By Alyssa Levy
Effective immediately, Cal/OSHA’s emergency temporary standards (adopted November 30, 2020) require nearly all California employers to implement a COVID-19 Prevention Program or ensure its elements are included in an existing Injury and Illness Prevention Program (IIPP). There are three exceptions: remote employees working from home, employees working alone, and employees covered by the Aerosol Transmissible Disease regulation.

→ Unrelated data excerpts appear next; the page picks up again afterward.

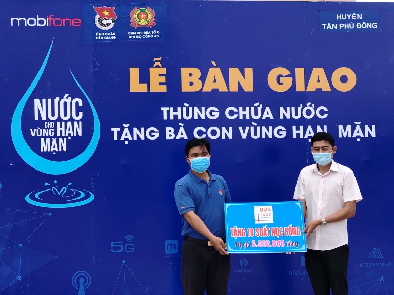 Dịp này, Tỉnh Đoàn Tiền Giang cũng phối hợp cùng Công ty cổ phần Ẩm thực Nhà Bu dành tặng 10 phần học bổng (trị giá 500.000 đồng/phần) cho học sinh nghèo vượt khó học giỏi tại huyện Tân Phú Đông, nhằm khuyến khích các em vươn lên trong học tập.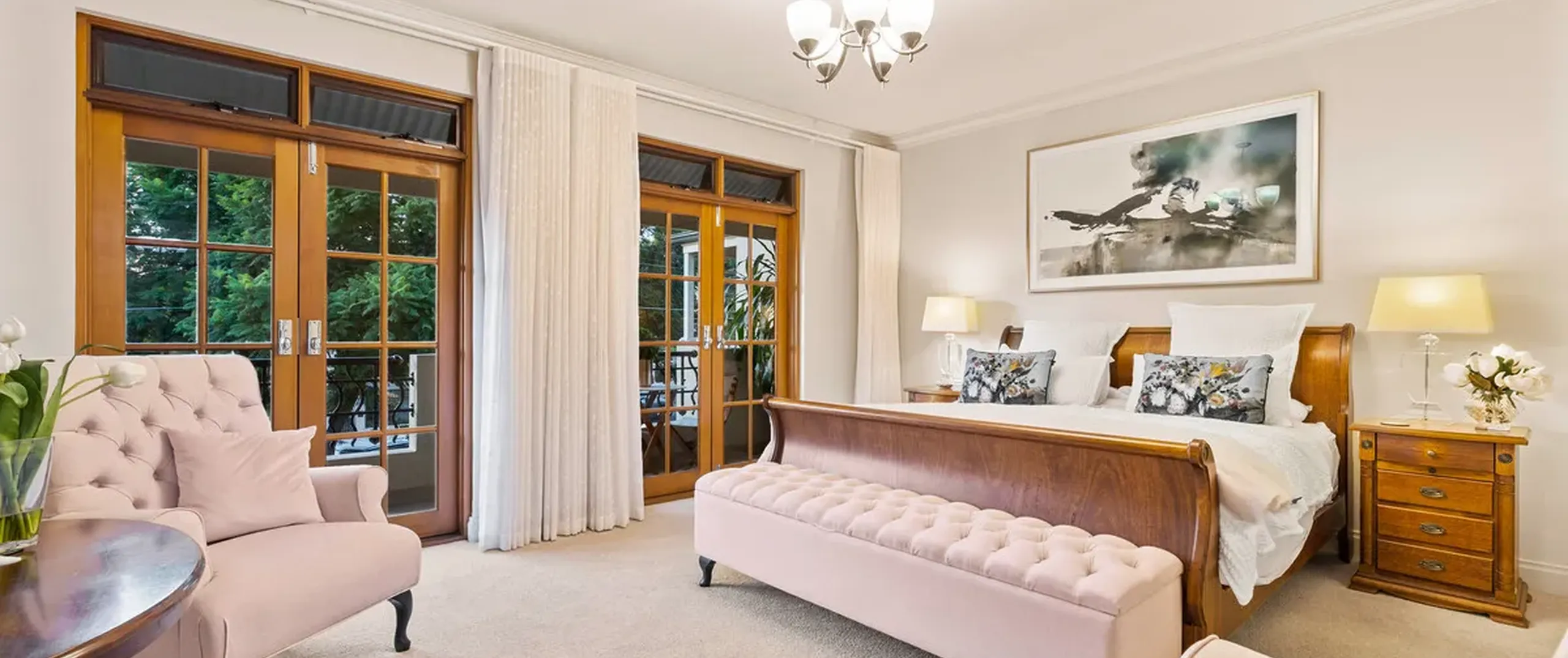 This unique residence comprises an endless list of bespoke features including three metre ceilings, mahogany hardwood flooring, marble tiles to all wet areas and an abundance of natural light through the cedar-framed windows, classic French and bi-fold doors.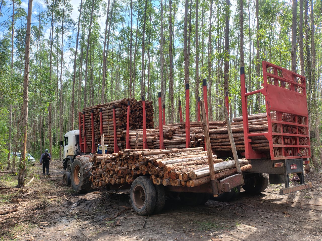 O condutor, de 53 anos, alegou que a carga pertencia ao irmão e que havia sido retirada da área da empresa. No mesmo local, os policiais identificaram outro homem, de 57 anos, operando um trator utilizado para transportar a madeira até o caminhão, contribuindo diretamente com a ação criminosa.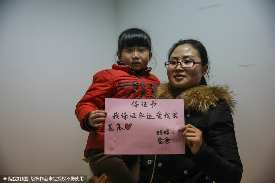 习惯了独生子女的环境,突然要面对一个新生命与自己分享父母的爱以及生活中的一切,客观上会产生一种压力。所谓“同胞竞争”,指的就是通常在年龄稍小的弟弟妹妹出生之后,发生的某种程度的情感紊乱。安徽省合肥市王莉女士在考虑二胎这件事上就特别谨慎。王莉想生个二宝。有一天,她跟女儿尧尧说到这个话题,发现女儿对于生二宝一事较为排斥。仔细想想,王莉才发现女儿是早有这种想法的。王莉妹妹的女儿小果果现在还不到两岁,来王莉家时,王莉喜欢抱抱孩子,每次一抱小果果,尧尧都会走上前问妈妈,“妈妈,你是喜欢果果还是喜欢我?她不是有妈妈吗?为什么要让我的妈妈抱抱?”女儿的问话让王莉发现,尧尧对别的小孩子是十分有敌意的,“她总觉得再有一个小孩,会分了我们对她的爱。”介于女儿这种态度,王莉说虽想要二宝,却一直没有提上日程。为了给女儿一颗定心丸,王莉给女儿写了一份保证书,保证永远爱她。图为2015年1月29日,王莉和女儿尧尧拿着这份特别的保证书合影。
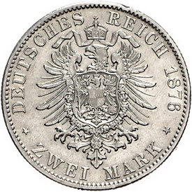 Los-Nummer: Auktion 51 - 2582 Münzen des Deutschen Kaiserreichs Bayern Ludwig II. 1864-1886, 2 Mark 1876 D. Jaeger 41. Fast vorzüglich Schätzpreis: 100,- Zuschlag: unverkauft |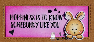 The sentiment is also from the stamp set Hoppiness from Gerda Steiner designs. I have stamped it with Versafine clair nocturne ink and then I embossed the sentiment with clear embossingpowder.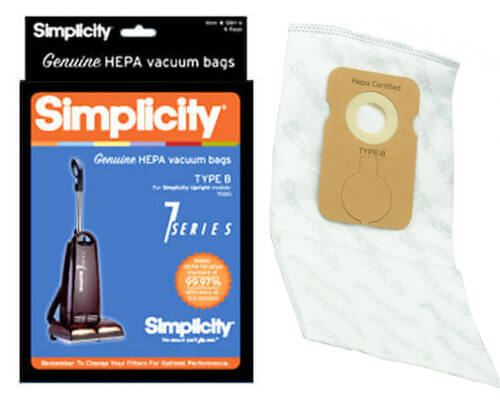 Simplicity High Flow HEPA 6 Pack 7000 Series 6 Case Type B - Simplicity Type B Genuine HEPA Vacuum Bags for Upright Models 7000 Simplicity High Flow Genuine HEPA Bag – S7-6 Type B Bags This bag will fit all of the Simplicity 7 Series models: Series 7 models 7700, 7750, 7850 7000 Series- models 7200, 7250, 7300, 7350, 7400, 7450, 7900, 7950. Also fits 8900, 8920, 8905, 8955, 8925 Models, Simplicity S7-6,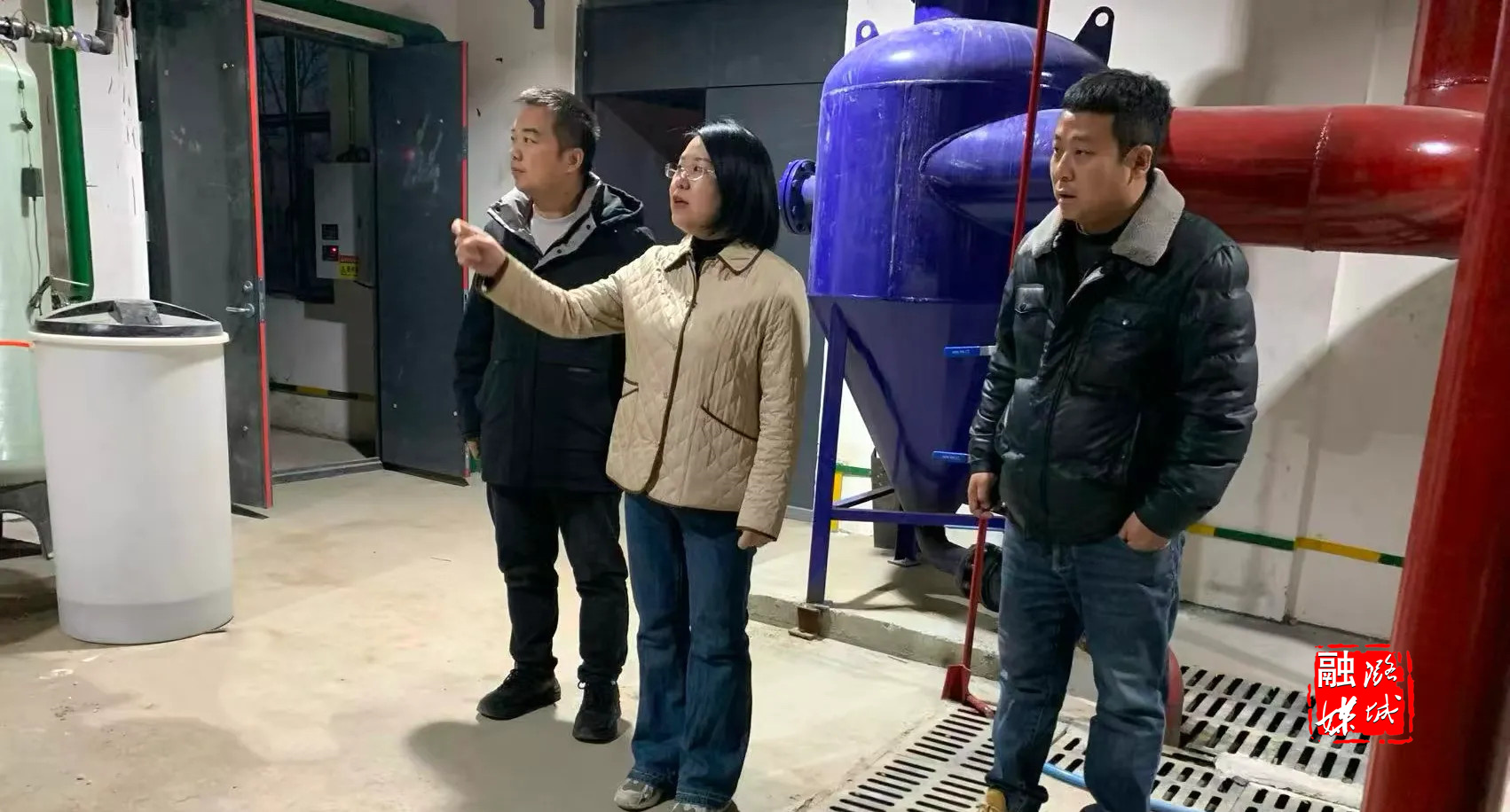 ▲店上镇负责人到温村实地查看供暖设备运行情况。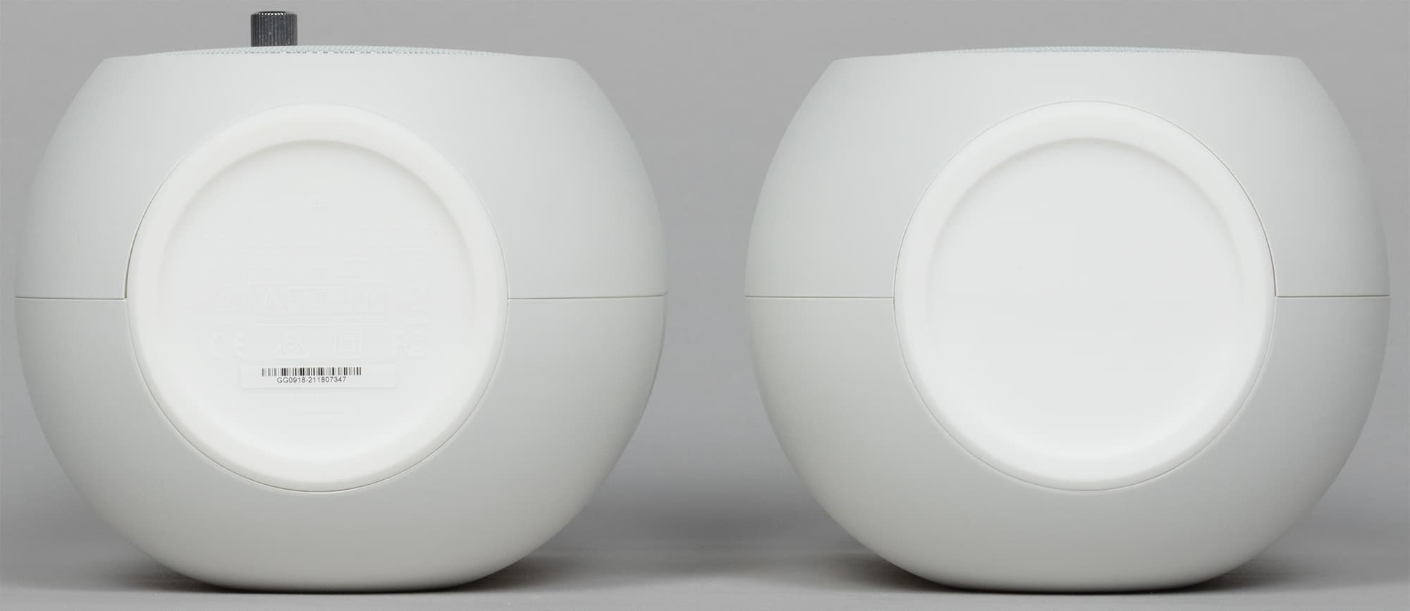Акустика JBL 104-BT выпускается в двух цветах — черном и белом, у нас на тестировании был второй. Оформление минималистичное, но при этом смотрятся колонки эффектно.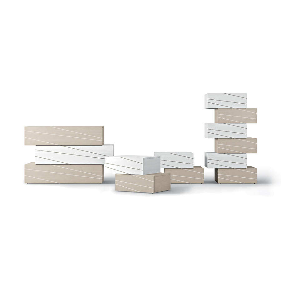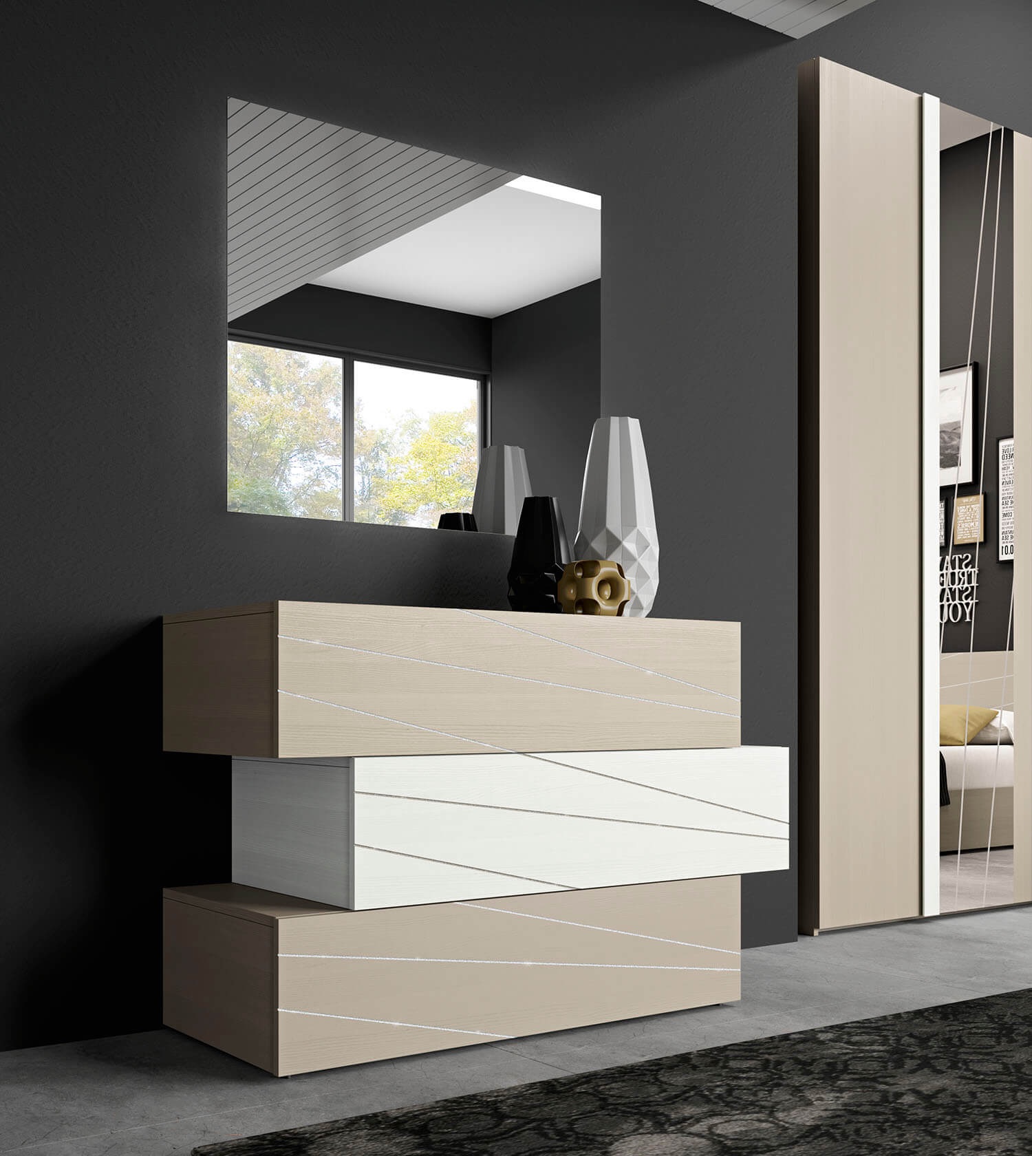 Comò 3 cassetti composto da elemento canapa frassinato con glitter BonBon bianchi + elemento bianco frassinato con glitter BonBon canapa. Dimensioni: 111+15 x 51 x 81 H cm.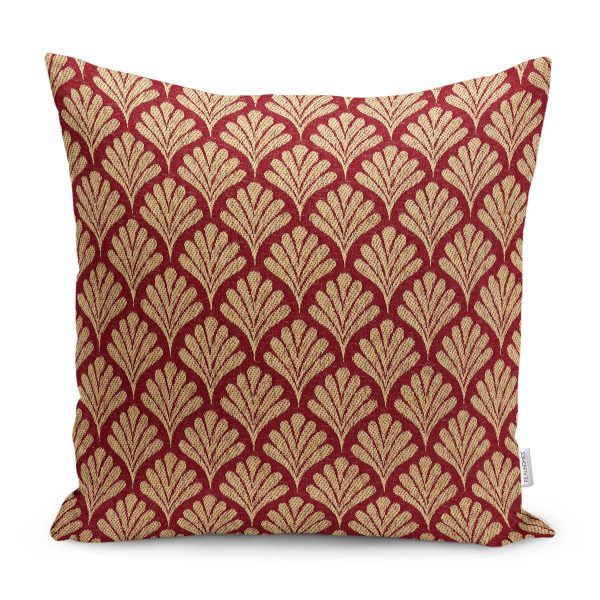 RealHomes Bordo Zeminde Altın Motifli Yaprak Desenli Dijital Baskılı Yastık Kırlent Kılıfı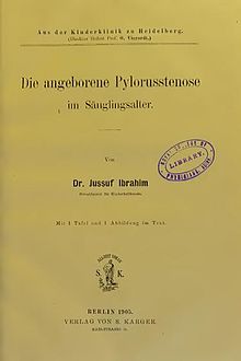 16. ^ أ ب "Jussuf Ibrahim: Anmerkungen zu seinem wissenschaftlichen Schrifttum". Monatsschrift Kinderheilkunde. Springer-Verlag: 1000-1003. 2002. doi:10.1007/s00112-002-0522-z. ISSN 0026-9298.

Requirements for employers include, but are not limited to, implementing a workplace-specific written COVID-19 prevention program addressing health hazards, correcting any unsafe conditions, providing COVID-19 training, ensuring 6-foot distancing, and providing face coverings. If multiple employees contract COVID-19, employers must provide COVID-19 testing during working hours. Employees who test positive for COVID-19 may not return to work until certain requirements are met. Cal/OSHA’s emergency temporary standards recommend that Employers review the full list of requirements for application to their employees.
The standards also include specific requirements for recordkeeping and reporting of COVID-19 cases. This includes tracking all confirmed COVID-19 cases and maintaining records of inspections, hazard corrections, and training. Employers must contact the local health department if three or more COVID-19 cases occur in the workplace within a 14-day period.
Employers should also be aware that these standards require excluding employees from the workplace who have had possible workplace exposure to COVID-19 for 14 days after their last known workplace exposure and that an employer must continue paying the employees during this time. Even for employers following the safety standards, this essentially means that employers may be required to send employees home with pay for 14 days each and every time there is a known workplace exposure to a COVID-19 positive employee, regardless of limits on leave allowances set by the employer or other statutes. This requirement to continue wages may seem beyond the purview of Cal/OSHA, but it is part of the standard’s requirements for now.
Cal/OSHA has indicated that enforcement of the standards will consider an employer’s good faith efforts towards compliance. However, employers should keep in mind that such efforts are only consideration and may not be enough for investigators to overlook whether an employer has actually complied with Cal/OSHA’s requirements under this emergency standard.